Tribunal Administratif de Montpellier — Décision N° TA34-2200140

mardi 20 juin 2023

JuridictionTribunal Administratif de Montpellier
SectionTribunal Administratif de Montpellier
N° DossierTA34-2200140
TypeDécision
RecoursPlein contentieux
PublicationC
FormationPrésident BESLE

Texte intégral

Vu la procédure suivante :

Par une requête et un mémoire, enregistrés les 12 janvier 2022 et 10 février 2022, Mme E A D demande au tribunal de lui accorder une remise de sa dette de prime d'activité.

Elle soutient que :

- elle n'a pas déclaré vivre avec M. C car ce dernier ne souhaitait pas apparaitre sur les déclarations auprès de la caisse d'allocations familiales ;

- elle est dans une situation précaire et vit seule avec ses enfants.

Par un mémoire en défense, enregistré le 25 avril 2023, la caisse d'allocations familiales de l'Hérault conclut au rejet de la requête.

Elle fait valoir qu'aucun des moyens de la requête n'est fondé.

Vu les autres pièces du dossier.

Vu :

- le code de la sécurité sociale ;

- le code de justice administrative.

Le président de la formation de jugement a dispensé le rapporteur public, sur sa proposition, de prononcer ses conclusions à l'audience.

Les parties ont été régulièrement averties du jour de l'audience.

Le rapport de M. B a été entendu au cours de l'audience publique.

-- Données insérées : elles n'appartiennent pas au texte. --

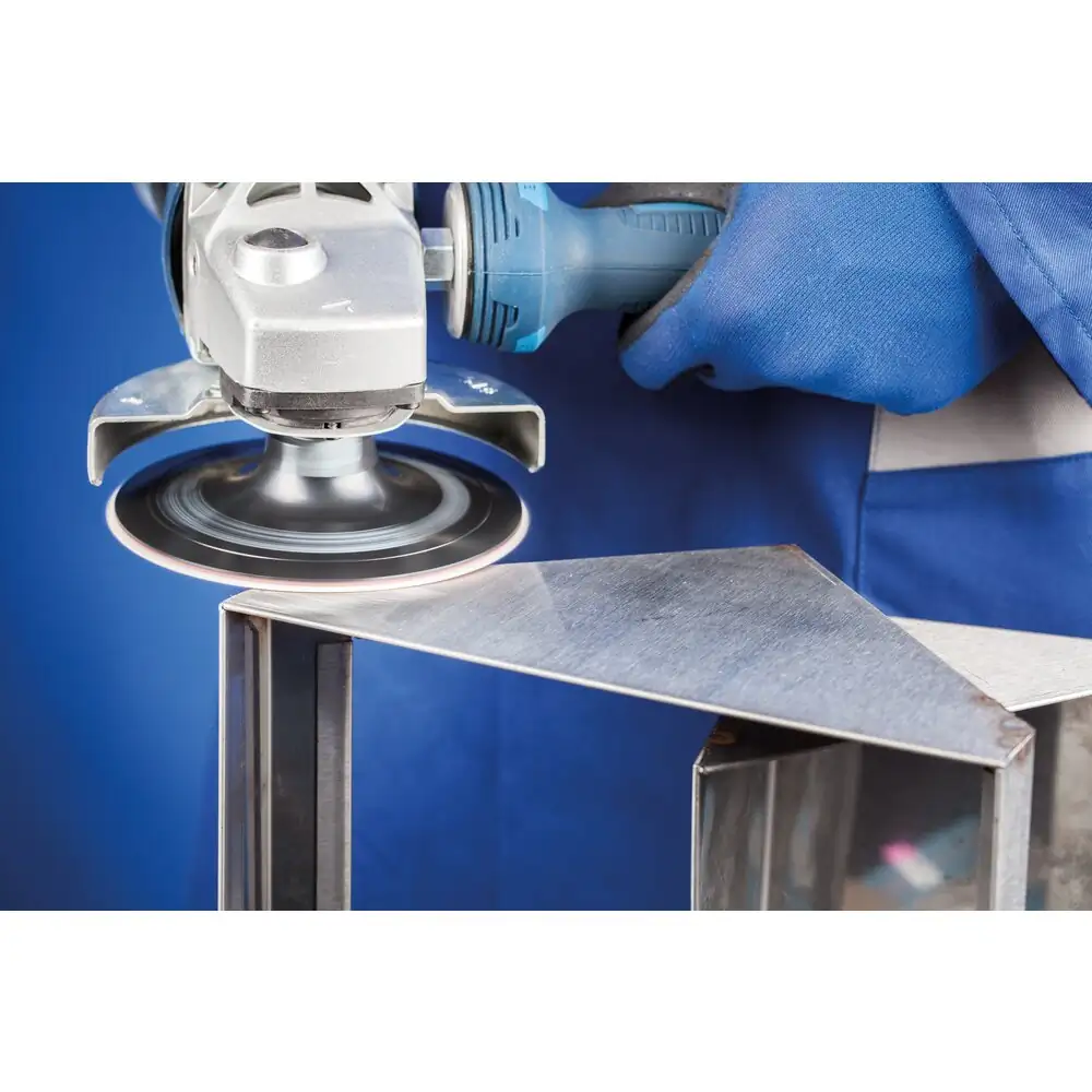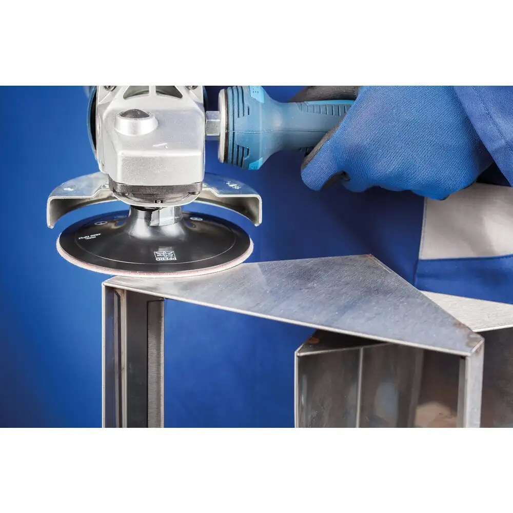 Für die Bearbeitung unterschiedlicher Werkstückgeometrien und Werkstoffe bietet PFERD TOOLS eine breite Palette von Werkzeugen aus Schleifmittel auf Unterlage an. Sie bestehen aus einem Trägermaterial, einer Grundbindung sowie einer Deckbindung zur Fixierung der Schleifkörner. Je nach Korngröße kann mit Werkzeugen aus Schleifmittel auf Unterlage ein hoher Materialabtrag oder ein sehr feines Oberflächenfinish erzielt werden. Die zur Auswahl stehenden Trägermaterialien unterscheiden sich in ihren Eigenschaften wie Reißfestigkeit, Flexibilität und Verschleiß. Mit der Wahl der geeigneten Unterlage wird das Schleifwerkzeug an die Erfordernisse der vorgesehenen Anwendung angepasst: Papier findet sich in der holzverarbeitenden Industrie und im Handwerk, z. B. bei Schreinern, Malern und Lackierern, wieder, Gewebe wird überwiegend in der Metallbearbeitung eingesetzt, und Vulkanfiber ist sehr verschleißfest und wird in unterschiedlichen Stärken vorwiegend für die Fertigung von Fiberschleifern verwendet. Das Set enthält 20 Klettronden der Ausführung Korund A in verschiedenen Korngrößen für den Grobschliff in Industrie und Handwerk. Klettronden eignen sich zum Schleifen von größeren Flächen. Durch das flexible System aus Klettronde und Klettrondenhalter ist auch ein Einsatz auf Konturen möglich. Mit dem Klettrondenhalter können Klettronden auf handelsüblichen drehzahlregelbaren oder langsam laufenden Winkelschleifern mit M14-Aufnahme eingesetzt werden.Technische Daten:

La clôture de l'instruction a été prononcée à l'issue de l'audience.

Considérant ce qui suit :

1. Mme A D bénéficie de la prime d'activité dans le département de l'Hérault. A la suite d'un rapport d'enquête du 28 octobre 2021, le directeur de la caisse d'allocations familiales de l'Hérault lui a notifié, par une décision du 17 novembre 2021, un indu de prime d'activité pour la période d'avril 2020 à mars 2021 d'un montant de 332,05 euros. Par une décision du 30 décembre 2021, une remise partielle d'un montant de 83,01 euros lui a été accordée. Par la présente requête, Mme A D demande la remise gracieuse de sa dette dont le solde s'élève à 249,04 euros.

2. Aux termes de l'article L. 845-3 du code de la sécurité sociale : " Tout paiement indu de prime d'activité est récupéré par l'organisme chargé de son service. () La créance peut être remise ou réduite par l'organisme mentionné au premier alinéa du présent article, en cas de bonne foi ou de précarité de la situation du débiteur, sauf si cette créance résulte d'une manœuvre frauduleuse ou d'une fausse déclaration. () ".

3. Lorsqu'il statue sur un recours dirigé contre une décision refusant ou ne faisant que partiellement droit à une demande de remise gracieuse d'un indu de prime d'activité, il appartient au juge administratif, eu égard tant à la finalité de son intervention qu'à sa qualité de juge de plein contentieux, non de se prononcer sur les éventuels vices propres de la décision attaquée, mais d'examiner si une remise gracieuse totale ou partielle est susceptible d'être accordée, en se prononçant lui-même sur la demande au regard des dispositions applicables et des circonstances de fait dont il est justifié par l'une et l'autre parties à la date de sa propre décision. Les conditions tenant, d'une part, à la bonne foi du demandeur et, d'autre part, à la précarité de sa situation ne peuvent être regardées comme alternatives.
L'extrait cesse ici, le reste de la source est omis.